2. **Use stemming.** Most ROUGE implementations support Porter stemming, which reduces words to their root form before comparison. This reduces false negatives from morphological variation (e.g., "running" vs. "ran").

3. **Report F-measure.** Rather than reporting recall alone, report F-measure to account for both content coverage and conciseness.

4. **Use multiple references when possible.** Scores computed against multiple reference summaries are more robust and better correlate with human judgments.[8]

5. **Combine with semantic metrics.** For modern NLP systems that produce diverse phrasings, supplement ROUGE with semantic similarity metrics like [BERTScore](/wiki/bertscore) to capture meaning overlap beyond surface-level word matching.[5]

## Significance and influence

ROUGE played a foundational role in establishing automated evaluation for summarization research.
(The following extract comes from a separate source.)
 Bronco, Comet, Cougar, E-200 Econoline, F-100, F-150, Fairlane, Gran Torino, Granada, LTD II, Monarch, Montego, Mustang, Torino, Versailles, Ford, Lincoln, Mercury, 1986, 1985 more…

Its introduction enabled large-scale benchmarking of summarization systems, accelerating progress in the field. The Document Understanding Conference (DUC) and its successor, the Text Analysis Conference (TAC), adopted ROUGE as a primary evaluation metric, cementing its position in the NLP research community.
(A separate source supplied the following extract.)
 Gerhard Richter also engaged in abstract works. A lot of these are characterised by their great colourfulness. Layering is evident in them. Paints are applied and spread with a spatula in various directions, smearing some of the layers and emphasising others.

Today, ROUGE remains a standard evaluation metric in virtually all summarization research papers and is commonly reported in benchmarks for LLMs. With more than 14,700 citations as of 2025, Lin's 2004 paper ranks among the most influential works in NLP evaluation.[1] While newer metrics offer improvements in specific areas, ROUGE's simplicity, interpretability, and historical continuity ensure its continued relevance.

## References

1. Lin, C.-Y. (2004). "ROUGE: A Package for Automatic Evaluation of Summaries." Text Summarization Branches Out, pages 74-81. Barcelona, Spain. https://aclanthology.org/W04-1013/
2. Papineni, K., Roukos, S., Ward, T., & Zhu, W.-J. (2002). "BLEU: a Method for Automatic Evaluation of Machine Translation." ACL 2002.
3. Lin, C.-Y., & Hovy, E. (2003). "Automatic Evaluation of Summaries Using N-gram Co-Occurrence Statistics." HLT-NAACL 2003.
4. Lin, C.-Y. (2004). "Looking for a Few Good Metrics: ROUGE and its Evaluation." NTCIR Workshop 4.
5. Zhang, T., Kishore, V., Wu, F., Weinberger, K. Q., & Artzi, Y. (2020). "BERTScore: Evaluating Text Generation with BERT." ICLR 2020.
6. Banerjee, S., & Lavie, A. (2005). "METEOR: An Automatic Metric for MT Evaluation with Improved Correlation with Human Judgments." ACL 2005 Workshop on Intrinsic and Extrinsic Evaluation Measures.
7. Hugging Face. "ROUGE - a Hugging Face Space by evaluate-metric." https://huggingface.co/spaces/evaluate-metric/rouge ; Google Research, rouge-score (PyPI). https://pypi.org/project/rouge-score/
8. Fabbri, A. R., et al. (2021). "SummEval: Reevaluating Summarization Evaluation." Transactions of the Association for Computational Linguistics, 9, 391-409.